As shown in FIG. 1, a flow path 17 for transporting the treated blood from which the erythrocytes are at least partially removed from the erythrocyte remover 11 to the mononuclear cell collector 15 is provided between the erythrocyte remover 11 and the mononuclear cell collector 15. A fluid machine 18 such as a pump for moving the fluid in the flow path 17 is provided in the flow path 17. A valve other than the fluid machine may not be provided in the flow path 17. The flow path 17 may have a structure in which the inside can be closed from the outside air. The closed space including the inside of the flow path 17 may have a configuration in which gases, viruses, microorganisms, impurities and the like are not exchanged with the outside. The flow path 17 may be embedded and enclosed in a non-gas-permeable substance. At least a part of the flow path 17 may be provided on a member such as a plate. At least a part of the flow path 17 may be formed by carving into a member. At least a part of the flow path 17 may be carved into a member and formed by superimposing recesses.

The fluid machine 18 aspirates the treated blood from which the erythrocytes are at least partially removed in the erythrocyte remover 11 through the flow path 17, and supplies the aspirated treated blood from which the erythrocytes are at least partially removed into the mononuclear cell collector 15. In the case where the erythrocytes are precipitated in the erythrocyte remover 11, the supernatant in the erythrocyte remover 11 is transported to the mononuclear cell collector 15 as the treated blood from which the erythrocytes are at least partially removed.

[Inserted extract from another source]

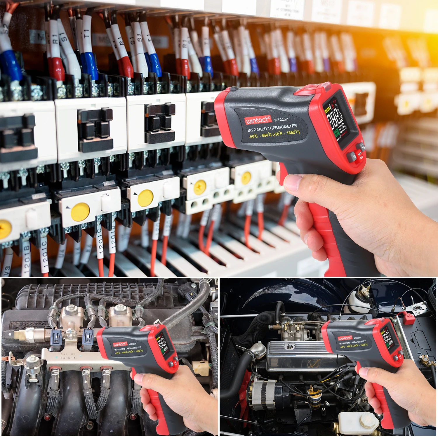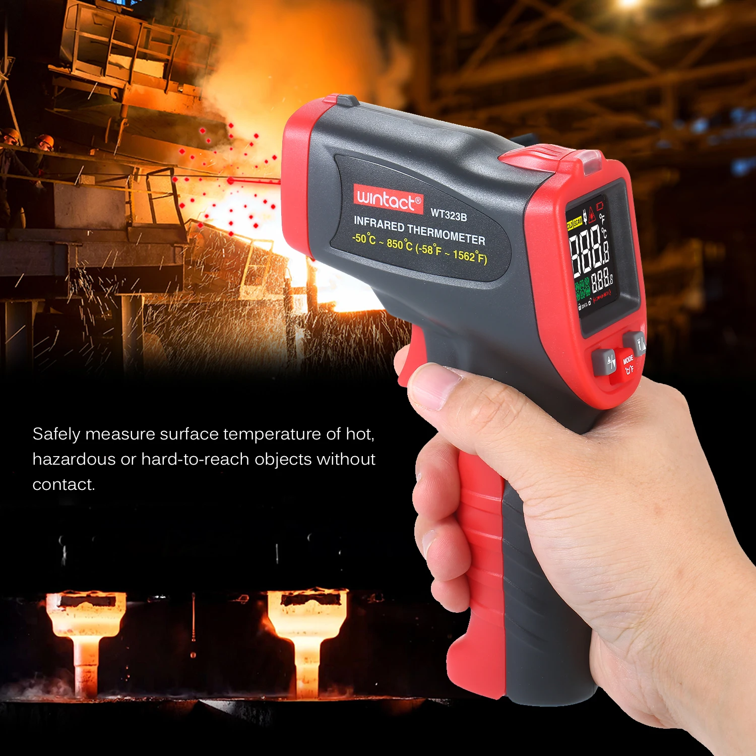 Wintact-50 ℃ ~ 850 ℃ инфракрасный термометр профессиональный промышленный термометр с термопарой типа K ручной ИК-термометр Бесконтактный цифровой лазерный термометр Температурный тестер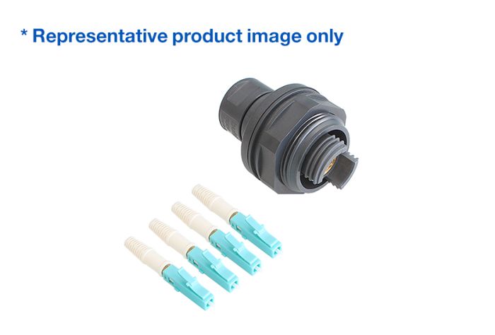 - A Terminated Jam Nut Bulkhead (JNBH) Connector with 4 (OM3) LC terminated independent cables - 1m Long Cable Assembly

The fluid machine 18 may include a pump head and a drive unit that drives the pump head. The flow path 17 may be provided on a substrate, the pump head of the fluid machine 18 may be in contact with the flow path 17, and the drive unit of the fluid machine 18 may be removable from the substrate.

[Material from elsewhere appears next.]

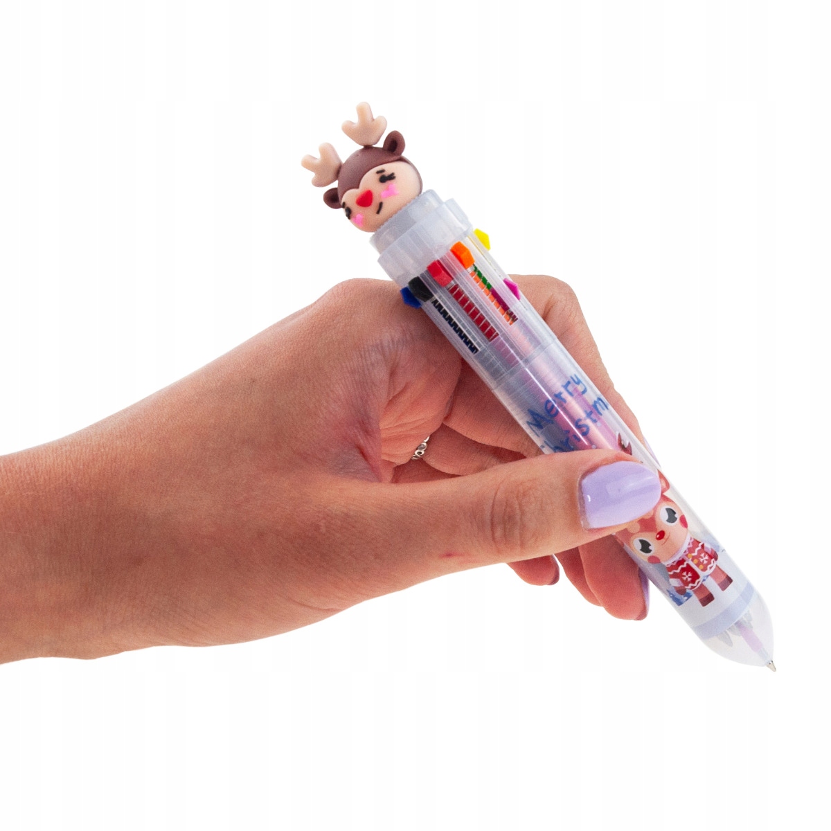 ШАРИКОВАЯ РУЧКА 10В1 РОЖДЕСТВЕНСКИЙ ОЛЕНЬ ПОДАРОК САНТЫ МНОГОЦВЕТНАЯ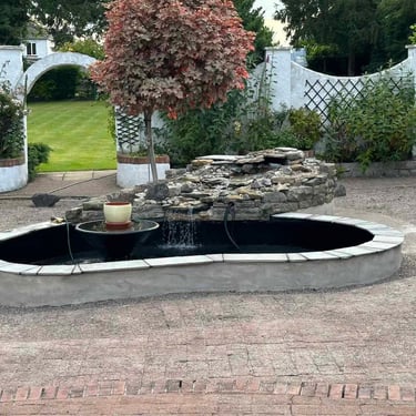 Lincoln raised garden pond rebuilt in concrete and fibreglass, adding new features for a modern, durable upgrade.

The treated blood from which the erythrocytes are at least partially removed, which has been transported to the mononuclear cell collector 15, is diluted with the diluting solution as shown in FIG. 3(a). In the diluted treated blood solution, platelets float, and mononuclear cells precipitate toward the bottom of the mononuclear cell collector 15. Here, the diluting solution may contain a erythrocyte removal agent. In this case, erythrocytes remaining in the treated blood solution are hemolyzed.

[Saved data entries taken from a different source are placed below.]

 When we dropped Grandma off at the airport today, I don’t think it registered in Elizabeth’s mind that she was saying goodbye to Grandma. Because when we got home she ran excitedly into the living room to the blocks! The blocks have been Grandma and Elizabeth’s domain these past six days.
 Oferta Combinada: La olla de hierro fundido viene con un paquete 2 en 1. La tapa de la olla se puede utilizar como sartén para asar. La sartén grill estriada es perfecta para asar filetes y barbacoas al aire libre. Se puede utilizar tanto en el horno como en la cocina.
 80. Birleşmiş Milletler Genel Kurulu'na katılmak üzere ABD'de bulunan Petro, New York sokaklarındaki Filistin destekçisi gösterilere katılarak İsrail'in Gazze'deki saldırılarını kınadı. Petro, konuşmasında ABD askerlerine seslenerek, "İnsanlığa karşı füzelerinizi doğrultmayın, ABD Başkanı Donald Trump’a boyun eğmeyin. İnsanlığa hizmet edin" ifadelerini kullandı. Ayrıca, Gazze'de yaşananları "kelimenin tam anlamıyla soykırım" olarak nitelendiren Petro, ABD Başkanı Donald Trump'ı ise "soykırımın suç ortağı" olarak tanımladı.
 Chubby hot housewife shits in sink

As shown in FIG. 3(b), the precipitated mononuclear cells accumulate at the tip of the funnel-like bottom of the mononuclear cell collector 15. After mononuclear cells precipitate in the diluted treated blood solution, as shown in FIG. 3(c), the fluid machine 21 (shown in FIG. 1) provided in the flow path 117 connected to the second opening 116 of the mononuclear cell collector 15 aspirates the diluted treated blood solution which is the supernatant. The aspiration power for aspirating the supernatant is set so that it is difficult to aspirate the precipitated mononuclear cells. The supernatant contains the platelets and the hemolyzed erythrocytes. Therefore, by removing the supernatant from the mononuclear cell collector 15 by aspiration, it is possible to separate the mononuclear cells from the platelets and the erythrocytes. The aspirated supernatant may be transported to the erythrocyte remover 11. In addition, the aspirated supernatant may be transported to the storage tank 130 through the erythrocyte remover 11 and the flow path 131. In addition, a gas having approximately the same volume as that of the supernatant aspirated from the mononuclear cell collector 15 may be transported from the erythrocyte remover 11 into the mononuclear cell collector 15. Alternatively, a diluting solution having approximately the same volume as that of the supernatant aspirated from the mononuclear cell collector 15 may be transported from the dilution liquid container 61 into the mononuclear cell collector 15.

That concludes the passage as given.